## Supplied material
▬▬▬▬▬▬▬▬▬▬

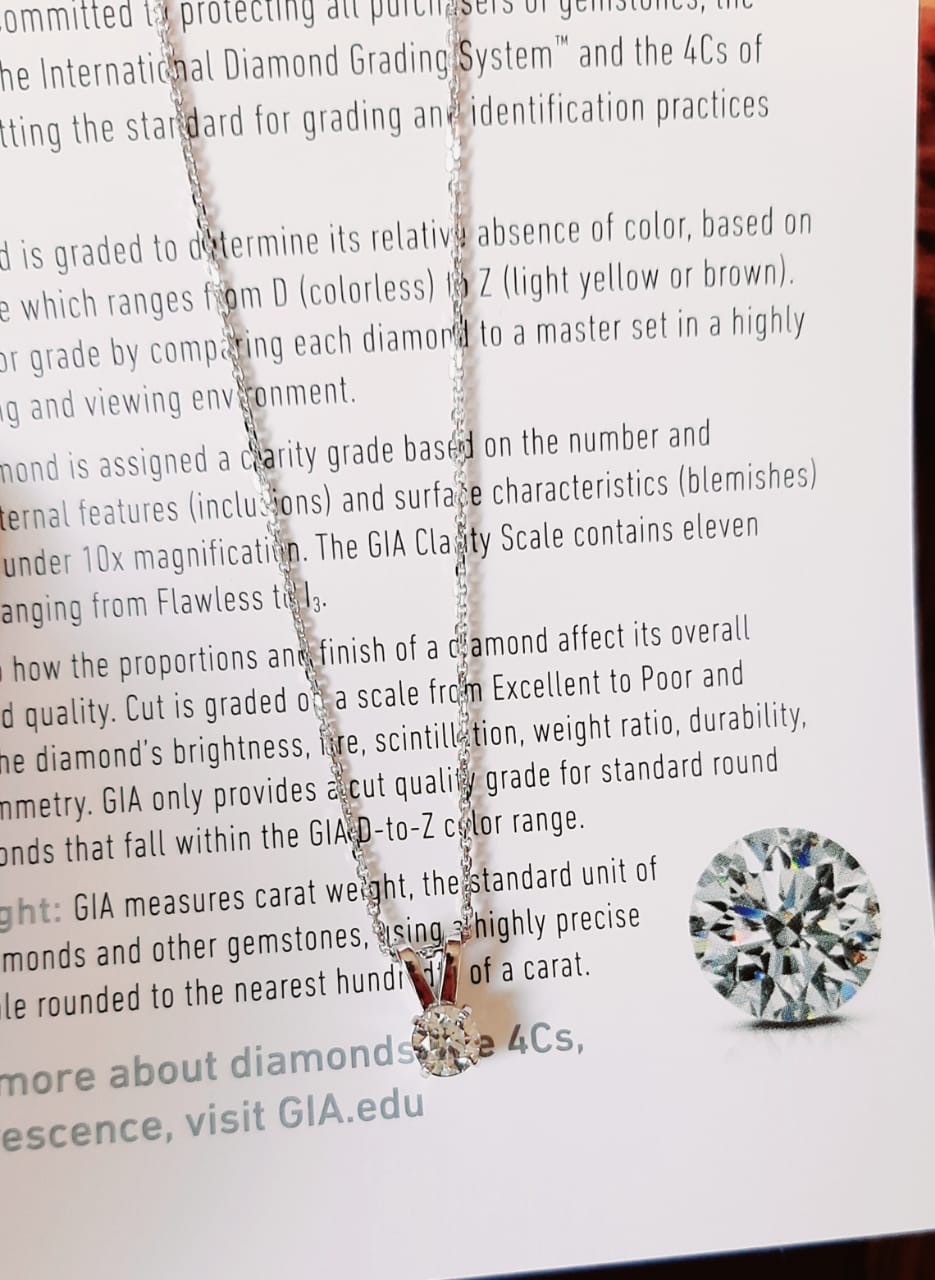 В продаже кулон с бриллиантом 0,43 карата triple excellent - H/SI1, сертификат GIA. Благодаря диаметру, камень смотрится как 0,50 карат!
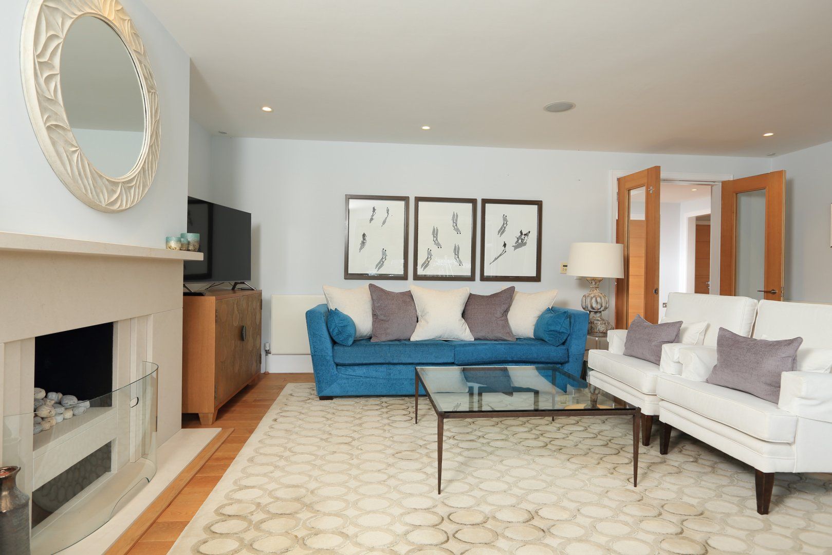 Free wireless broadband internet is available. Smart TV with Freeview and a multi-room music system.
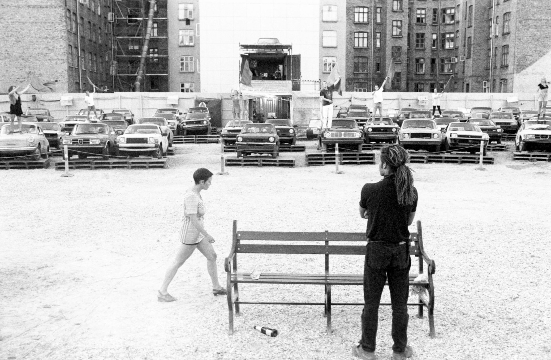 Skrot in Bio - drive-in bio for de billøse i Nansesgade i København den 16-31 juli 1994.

▬▬▬▬▬▬▬▬▬▬

## Task to carry out
Would you write out all of the data exactly as it stands, without the pictures?

## Task result
 В продаже кулон с бриллиантом 0,43 карата triple excellent - H/SI1, сертификат GIA. Благодаря диаметру, камень смотрится как 0,50 карат!
 Free wireless broadband internet is available. Smart TV with Freeview and a multi-room music system.
 Skrot in Bio - drive-in bio for de billøse i Nansesgade i København den 16-31 juli 1994.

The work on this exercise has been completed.